Network and Storage Benchmarks for LLM Training on the Cloud

AI usage has become universal. Teams everywhere are building RAG, generating embeddings, and training increasingly sophisticated agents.
Most distributed LLM training guides focus on model architecture and hyperparameters while ignoring a critical bottleneck: infrastructure configuration. Network and storage choices often determine whether training takes hours or days.
I ran benchmarks finetuning Gemma 3 12B and GPT-OSS-120B with different storage and network configurations using SkyPilot for infra and Nebius for GPUs. The results reveal that InfiniBand networking provides 10x faster training than standard Ethernet, while optimal storage selection can speed up checkpointing by almost 2x. Combined, these infrastructure optimizations deliver 6-7x end-to-end speedup alone.
Some background on training bottlenecks
Here’s something that surprises most people new to large-scale training: your GPUs are most likely not the limiting factor. Modern accelerators like H200s will happily consume whatever data you can feed them. The real challenge is keeping them fed.

Think of your GPU as an extremely efficient factory. It can process raw materials (your data) at incredible speeds, but it depends entirely on a steady supply chain. Your storage systems hold the raw materials, and the bandwidth between storage and compute acts as the conveyor belt. These days, that conveyor belt has become the constraint.
While GPU compute capability has grown exponentially, memory bandwidth and network speeds have followed a more modest trajectory.

The two levers you control
When running distributed training, you have meaningful control over two critical components: storage and networking, especially when running on cloud GPUs.

The objective is straightforward: maximize GPU utilization (or in other words, minimize GPU idleness). But achieving this requires understanding how data flows through your training pipeline and where bottlenecks typically emerge.
The training data flow
During training, data moves through these stages:
- Load batches from dataset – storage
- Communicate gradients between nodes – network
- Dump checkpoint to save progress – storage
In any of these steps, bottlenecks can emerge. For example, loading datasets from or saving checkpoints to storage might take extraordinarily long and block GPU progress.
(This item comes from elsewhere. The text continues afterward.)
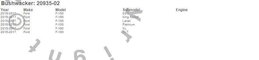 Brand: BushwackerPart Number: 20935-02Fender Flare Type: 4 pc. - Front Tire Coverage 1.5 in. - Front Height 6.13 in. - Rear Tire Coverage 1.5 in - Rear Height 7 in. - Smooth Finish - BlackUPC: 090689118080

Or the inter-node network bandwidth might be insufficient for communication operations (to synchronize weights/gradients).
Performance benchmarks
I’ll use two concrete examples throughout:
- Google Gemma 3 12B on 2 nodes × H100:8 GPUs
- OpenAI GPT-OSS-120B on 4 nodes × H200:8 GPUs
I ran some experiments on Nebius, a golden GPU provider in SemiAnalysis’s GPU cloud ClusterMax benchmark, to quantify these effects.
Click to see experimental setup
Gemma 3 12B IT ConfigurationComponent | Specification |
---|---|
Cloud Provider | Nebius |
Model | Gemma 3 12B IT (Hugging Face) |
Nodes | 2 |
GPUs per Node | 8x H100s |
Total GPUs | 16x H100s |
CPU Memory | 1.5 TB |
Framework | Hugging Face Accelerate with FSDP |
Component | Specification |
---|---|
Cloud Provider | Nebius |
Model | GPT-OSS-120B |
Nodes | 4 |
GPUs per Node | 8x H200s |
Total GPUs | 32x H200s |
Framework | Hugging Face Accelerate with FSDP |
Configuration | Specification | Theoretical Bandwidth |
---|---|---|
Default Ethernet | 10 Gbit/s NIC | ~1.25 GB/s |
InfiniBand | 400 Gbit/s NIC × 8 cards | ~400 GB/s |
Storage Type | Description | Performance Profile |
---|---|---|
Network SSD | network_ssd_non_replicated | Standard cloud block storage |
Nebius Shared Filesystem | Nebius's distributed file system offering | High-performance distributed storage |
Object Store (MOUNT) | Direct S3-compatible mounting | Cost-effective but high-latency |
Object Store (MOUNT_CACHED) | SkyPilot's cached mounting | Logs to local disk streams to object store |
Network benchmarks: The 9x performance difference
I compared two network configurations:
- Standard 10 Gbit/s Ethernet (the default on most clouds)
- InfiniBand 400 Gbit/s with 8 NICs (high-performance networking)
The raw bandwidth difference is substantial: 1.25 GB/s versus approximately 400 GB/s. But how does this translate to actual training throughput?
I run the experiments on Open-R1 dataset with this SkyPilot YAML.
Network Type | Raw Bandwidth | Average Time per Step | Total Training Time |
---|---|---|---|
10 Gbit Ethernet | ~1.25 GB/s | 39.8 seconds | 53 minutes |
NVIDIA Quantum-2 InfiniBand | ~400 GB/s | 4.4 seconds | 7 minutes |

That’s a 9x speedup from network configuration alone. When you’re paying premium rates for GPU time, this isn’t just a performance improvement—it’s a cost optimization strategy.
With the GPT-OSS-120B model (10x larger!), we see the same effect - 10x speedup!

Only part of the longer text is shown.